2008 NY Slip Op 02681 [49 AD3d 443]
March 25, 2008
Appellate Division, First Department
Published by New York State Law Reporting Bureau pursuant to Judiciary Law § 431.
As corrected through Wednesday, May 14, 2008


In the Matter of Jennifer R., Respondent,
v
Michael C., Appellant.

[*1] Steven N. Feinman, White Plains, for appellant.

Order, Family Court, Bronx County (Carol Ann Stokinger, J.), entered on or about July 10, 2006, which denied respondent's objection to the Support Magistrate's order directing respondent to pay child support in the amount of $25 per month, unanimously affirmed, without costs.

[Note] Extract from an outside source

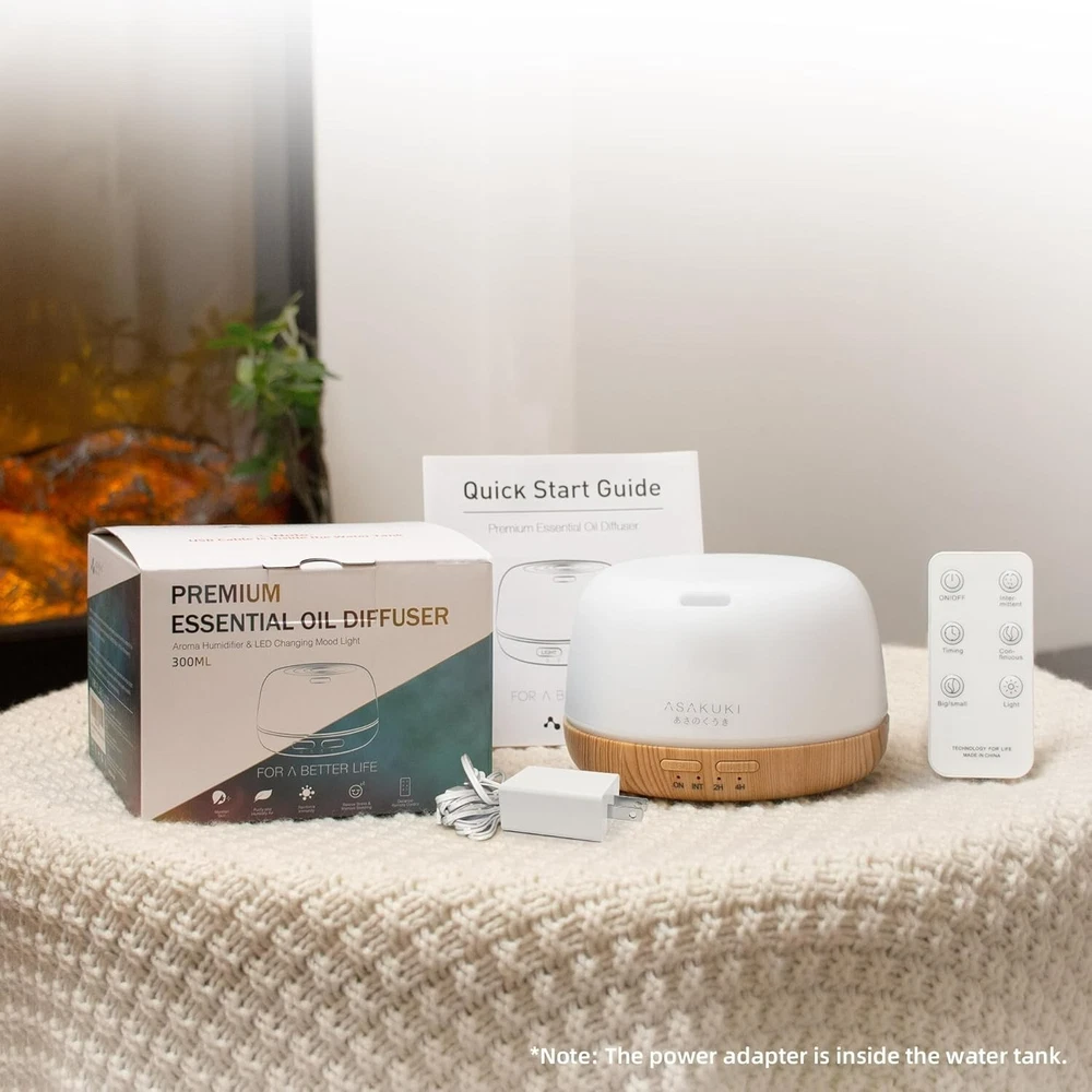 Essential Oil Diffuser, Ultrasonic Aromatherapy Oil Humidifier with 7 Colors Lights 2 Mist Mode for Home Small, Compact But Powerful: aromatherapy diffuser combines the benefits of aromatherapy and humidification in one compact device. Its classic and adorable design with 7-color light options makes it perfect for our bedroom or even for children's use, with small "L x "W x "H size. The packaging includes a diffuser, USB-C cable, user manual, and remote control, without a power adapter. Easy Opreation: The included remote control allows you to easily control the light, mist mode, and timer settings of the diffuser from up to 9 feet away. It is powered by a USB connection, please use the power current greater than or equal to 1A. Safe and Reliable Material: The diffuser is made of high-quality PP material, which is not only durable but also safe for use. It also features a built-in waterless auto shut-off function, providing peace of mind for families with children. Enhance Relaxation and Create a Soothing Environment: Aromatherapy is a great way to relax and create a calming atmosphere. Simply add your favorite essential oil to the water tank and enjoy a personalized experience that can help calm your mind and get a deep sleep. Great Gift Idea For Everyone: If you're in the market for a nice and practical gift, you can stop looking. This great aromatherapy essential oil diffuser is a thoughtful and handy present, one that everyone can benefit from. With a combination of style, design and function like that, it's a quality-assured hit! Small 300ML 2-in-1 Essential Oil Diffuser

While respondent correctly points out that the irrebuttable mandatory minimum child support award of $25 per month set forth in Family Court Act § 413 (1) (g) is preempted under the Supremacy Clause (42 USC § 667 [b] [2]; Matter of Rose v Moody, 83 NY2d 65, 71-72 [1993], cert denied sub nom. Attorney General of N.Y. v Moody, 511 US 1084 [1994]; Matter of Lanzi v Lanzi, 298 AD2d 53, 56 [2002]), a review of the Family Court order at issue reveals that the $25 award was made pursuant to Family Court Act § 413 (1) (a), which provides, in relevant part, that "the parents of a child under the age of twenty-one years are chargeable with the support of such child and, if possessed of sufficient means or able to earn such means, shall be required to pay for child support a fair and reasonable sum as the court may determine" (emphasis added). Accordingly, we find that the child support award herein does not run afoul of the Supremacy Clause and, after a review of the record, further find that the Family Court did not err in ordering respondent to pay child support in the amount of $25 per month (see Aregano v Aregano, 289 AD2d 1081 [2001]). Concur—Tom, J.P., Mazzarelli, Nardelli and McGuire, JJ.